Forcing ACCESS-OM2 using ESM1.5 data

Hi @ongqingyee,

My understanding is that fld_s08i234: surface_runoff_flux comes from the land model, and refers to surface runoff over the land points rather than the runoff going into the ocean. If you have access to it, the variable fld_s26i004: water_flux_into_sea_water_from_rivers should contain the river runoff going into the ocean from the UM.

If the runoff from the UM hasn’t been saved, you might be able to take it from the ocean output. The runoff variable saved by MOM will contain the same data, but regridded onto the ocean grid.

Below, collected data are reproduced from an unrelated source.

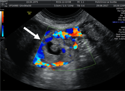 Figure 9. Fetal pole with visible fetal heartbeat detected at Power-Doppler.
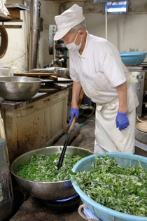 六月上旬までに、同店で一年間に使用するヨモギ約四百㌔を、近郊の山などで採取。手作業で雑草などを取り除いた後、釜ゆでし、ソフトボール大にまとめて冷凍保存される。
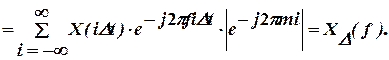 Таким образом, спектр дискрeтизованной функции Х(i Dt) получается путем периодического, с периодом 1/

Based on the coupling variables sent to the ocean in ESM1.5 here I don’t think there was any equivalent to licalvf in ESM1.5 (it’s being added in 1.6!). I believe all the freshwater flux from the ice sheets was distributed into the liquid runoff around the coastlines.

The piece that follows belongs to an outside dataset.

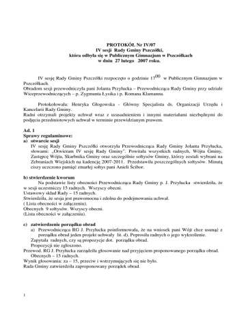 PROTOKÓŁ Nr IV/07 IV sesji Rady Gminy Pszczółki, która odbyła się w Publicznym Gimnazjum w Pszczółkach w dniu 27 lutego 2007 roku. IV sesję Rady Gminy Pszczółki rozpoczęto o godzinie 1700 w Publicznym Gimnazjum w Pszczółkach. Obradom sesji przewodniczyła pani Jolanta Przyłucka – Przewodnicząca Rady Gminy przy udziale Wiceprzewodniczących – p. Zygmunta Łysika i p. Romana Klamanna. Protokołowała: Henryka Głogowska - Główny Specjalista ds. Organizacji Urzędu i Kancelarii Rady Gminy. Radni otrzymali projekty uchwał wraz z uzasadnieniem i innymi materiałami niezbędnymi do podjęcia przedmiotowych uchwał w terminie przewidzianym prawem. Ad. 1 Sprawy regulaminowe: a) otwarcie sesji IV sesję Rady Gminy Pszczółki otworzyła Przewodnicząca Rady Gminy Jolanta Przyłucka, słowami: „Otwieram IV sesję Rady Gminy”. Powitała wszystkich radnych, Wójta Gminy, Zastępcę Wójta, Skarbnika Gminy oraz szczególnie sołtysów Gminy, którzy zostali wybrani na Zebraniach Wiejskich na kadencję 2007-2011. Przedstawiła poszczególnych sołtysów. Minutą ciszy uczczono pamięć zmarłej sołtys pani Anieli Ścibor. b) stwierdzenie kworum Na podstawie listy obecności Przewodnicząca Rady Gminy p. J. Przyłucka stwierdziła, że w sesji uczestniczy 15 radnych. Wszyscy obecni. Ustawowy skład Rady – 15 radnych. Stwierdziła, że sesja jest prawomocna i zdolna do podejmowania uchwał. ( Lista obecności w załączeniu). Obecnych 9 sołtysów. Wszyscy obecni. (Lista obecności w załączeniu). c) zatwierdzenie porządku obrad a) Przewodnicząca RG J. Przyłucka poinformowała, że na wniosek pani Wójt chce usunąć z porządku obrad jeden projekt uchwały lit. d). Poprosiła radnych o jego wykreślenie. Zapytała radnych, czy są propozycje dot. porządku obrad. Propozycji nie zgłoszono. Przewod. RG J. Przyłucka zarządziła głosowanie nad przyjęciem proponowanego porządku obrad. Obecnych – 15 radnych. Wynik głosowania: za – 15, przeciw i wstrzymujących się nie było. Rada Gminy zatwierdziła zaproponowany porządek obrad. 1 1. a) b) c) d) e) f) Porządek obrad IV sesji Rady Gminy Pszczółki przedstawiał się następująco: Sprawy regulaminowe: otwarcie sesji, stwierdzenie kworum, zatwierdzenie porządku obrad, przyjęcie protokołu III sesji, interpelacje i zapytania radnych oraz zapytania sołtysów, odpowiedzi na interpelacje i zapytania. 2. Rozpatrzenie projektów i podjęcie uchwał w sprawie: a) zmiany budżetu Gminy Pszczółki na 2007 rok – referuje p. Jolanta Żbikowska Skarbnik Gminy, b) zmiany w załączniku do uchwały nr XXVIII/286/06 Rady Gminy Pszczółki z dnia 17 marca 2006 roku w sprawie uchwalenia Regulaminu zbiorowego zaopatrzenia w wodę i zbiorowego odprowadzania ścieków w gminie Pszczółki – referuje p. Hanna Brejwo Wójt Gminy, c) zmiany w uchwale nr II/17/06 Rady Gminy Pszczółki z dnia 6 grudnia 2006 roku w sprawie ustalenia wysokości opłat za wodę pobraną z wiejskich urządzeń wodociągowych i za wprowadzanie ścieków do wiejskich urządzeń kanalizacyjnych – referuje p. Hanna Brejwo Wójt Gminy, d) zmiany uchwały nr XXXV/340/06 Rady Gminy Pszczółki z dnia 25 października 2006 roku w sprawie zaciągnięcia pożyczki długoterminowej na budowę kanalizacji sanitarnej w Kolniku – referuje p. Hanna Brejwo Wójt Gminy. e) zatwierdzenia Planu Pracy Komisji Rewizyjnej Rady Gminy Pszczółki na 2007 rok – referuje p. Janina Jakowska Przewodnicząca Komisji. 3. Plan Pracy Komisji Gospodarczej i Rozwoju Gminy Rady Gminy Pszczółki na 2007 rok – przedstawia p. Krzysztof Sądej Przewodniczący Komisji. 4. Plan Pracy Komisji Oświaty, Zdrowia, Opieki Społecznej, Kultury i Sportu Rady Gminy Pszczółki na 2007 rok – przedstawia p. Helena Grzesiuk Przewodnicząca Komisji. 5. Wolne wnioski i informacje. 6. Zamknięcie obrad sesji Rady Gminy. Ad. e) przyjęcie protokołu III sesji: Przewodnicząca Rady Gminy J. Przyłucka stwierdziła, że protokół III sesji Rady Gminy był wyłożony do wglądu i radni nie wnieśli żadnych poprawek. Protokół Nr III/06 został zatwierdzony przy braku sprzeciwu. Ad. f) interpelacje i zapytania radnych oraz zapytania sołtysów: Nie było. Ad. 2 Rozpatrzenie projektów i podjęcie następujących uchwał: a) w sprawie zmiany budżetu Gminy Pszczółki na 2007 rok omówiła Skarbnik Gminy Jolanta Żbikowska. Wójt Gminy H. Brejwo poprosiła o naniesienie autopoprawki w załączniku nr 7 do projektu uchwały tj. w Lp. 1, 1.2 dopisać należy słowa: „i w Pszczółkach”. 2 Skarbnik Gminy J. Żbikowska poprosiła o dopisanie w Załączniku nr 2 działu 010 – rozdział 01010 pozostałe wydatki 6.000,- oraz działu 630- rozdział 63003 pozostałe wydatki 7.000,-. Zmieni się treść projektu uchwały dot. przychodów, które wyniosą 4.143.000 zł, wydatki 20.398.178,-, deficyt 3.301.046 zł. Zmieni się w załączniku nr 3 kwota Razem – przychody i wyniesie 4.143.000,- zł. Następnie Skarbnik Gminy szczegółowo omówiła poszczególne załączniki do projektu uchwały. Radny R. Klamann zapytał o nadwyżkę budżetową? Skarbnik Gminy J. Żbikowska wyjaśniła, że to nie jest nadwyżka, tylko wolne środki zgodnie z ustawą o finansach publicznych. Została już rozdysponowana. Aby wprowadzić ostateczną kwotę musimy poczekać na ostatnie sprawozdanie. Innych pytań nie było. Przewodnicząca Rady Gminy J. Przyłucka zarządziła głosowanie nad projektem uchwały. Obecnych na sesji 15 radnych. Ustawowy skład Rady Gminy – 15 radnych. Wynik głosowania: za – 15 radnych., głosów przeciw i wstrzymujących się nie było. Uchwała Nr IV/35/07 została podjęta. b) Projekt uchwały w sprawie zmiany w załączniku do uchwały nr XXVIII/286/06 Rady Gminy Pszczółki z dnia 17 marca 2006 roku w sprawie uchwalenia Regulaminu zbiorowego zaopatrzenia w wodę i zbiorowego odprowadzania ścieków w gminie Pszczółki przedstawiła p. Hanna Brejwo Wójt Gminy. Pytań nie był

I followed the instructions here and ended up with this error, which I traced back to here.

I am slightly confused by how the MOM5 ESM1.5 component code is showing up when running ACCESS-OM2 with ESM ocean restarts.

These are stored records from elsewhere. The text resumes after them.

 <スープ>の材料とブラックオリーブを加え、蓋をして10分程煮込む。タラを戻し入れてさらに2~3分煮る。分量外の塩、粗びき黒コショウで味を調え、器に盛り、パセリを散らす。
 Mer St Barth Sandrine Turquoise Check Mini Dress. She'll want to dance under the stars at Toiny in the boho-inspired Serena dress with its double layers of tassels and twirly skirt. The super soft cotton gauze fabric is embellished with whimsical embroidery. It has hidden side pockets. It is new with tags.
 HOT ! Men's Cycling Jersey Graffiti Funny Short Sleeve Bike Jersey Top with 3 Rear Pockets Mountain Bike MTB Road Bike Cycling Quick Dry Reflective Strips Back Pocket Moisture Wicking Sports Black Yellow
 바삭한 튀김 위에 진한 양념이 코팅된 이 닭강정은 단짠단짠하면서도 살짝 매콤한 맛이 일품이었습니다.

There are a few different versions of the MOM5 code in different places, and the latest release of OM2 should be using the code from this repository. I think this error is coming from here in the FMS library used by OM2.

The MOM5 restarts contain checksums of each variable’s data, e.g:

	double temp(Time, zaxis_1, yaxis_1, xaxis_1) ;
		temp:long_name = "temp" ;
		temp:units = "none" ;
		temp:checksum = "DCA837A688447387" ;

When starting from a restart, the model reads in the restart variables and recalculates the checksums. It then compares these to the checksums stored in the restart file, exiting with an error if they don’t match.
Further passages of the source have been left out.